For the study, the team analysed data on more than 10,000 British children who took part in the Avon Longitudinal Study of Parents and Children.

They examined links between parenting styles and kids' weight when they were seven, 11, 13, 16 and 23 years old.

Parents answered questionnaires about how they bought up their little ones and some of them were filmed interacting with their kids.

Boy having choice - healthy or unhealthy lunch
(Ground Picture via Shutterstock)

The team divided parenting styles into four categories; authoritative, authoritarian, permissive and neglectful.

Authoritative parents maintained clear boundaries while showing warmth while authoritarian parents were strict and showed their children little affection.

Permissive parents were nice but kept too few rules and neglectful parents were emotionally uninvolved with their children and had few rules.

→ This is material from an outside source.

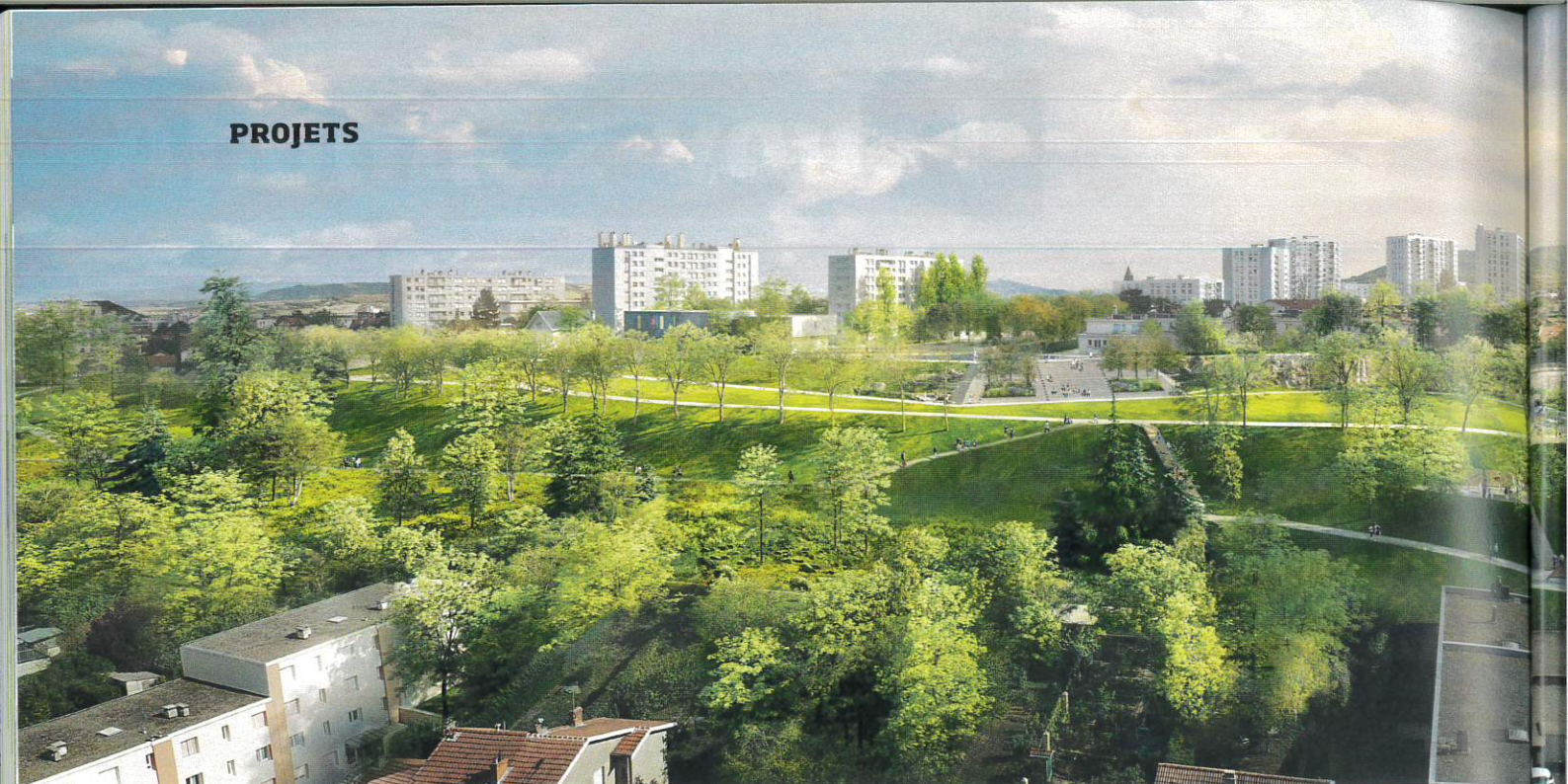
Perspective de la phase 1.

Permissive parents also had heavier children but the team say the link is “not statistically significant” and lessened with age.

Ms Segal added: “The effect of parenting style on a child’s weight is often considered a taboo subject.

“However, a comprehensive understanding of the associations between parenting style and childhood and adolescent obesity has great potential to inform obesity policy and contribute to the development of more effective health and nutrition programmes.

“Our findings can help inform obesity prevention and treatment programmes by acting as a reminder to policymakers that modifiable risk factors for childhood obesity have significant roots within the home.

“Future interventions and studies could explore whether parenting styles can be adapted to be warmer and more authoritative.

“Future childhood obesity programmes could include parent support classes, where parents learn the importance of parenting style in preventing obesity.

“In cases where a child is already living with obesity, doctors and others providing support might consider stressing the effect that a lack of parental warmth has on a child’s weight.”

President of the World Obesity Federation Professor Louise Baur added: “This study highlights the fundamental importance of parents in raising healthy children.

“The world today often makes it difficult for children and families to eat well, be physically active, sleep well and cope with stress.

“Parents who are able to set appropriate limits for their child, while bringing warmth and sensitivity to the relationship, may be better able to help their child be as healthy as possible.”

The findings were presented at the International Congress on Obesity in Melbourne, Australia.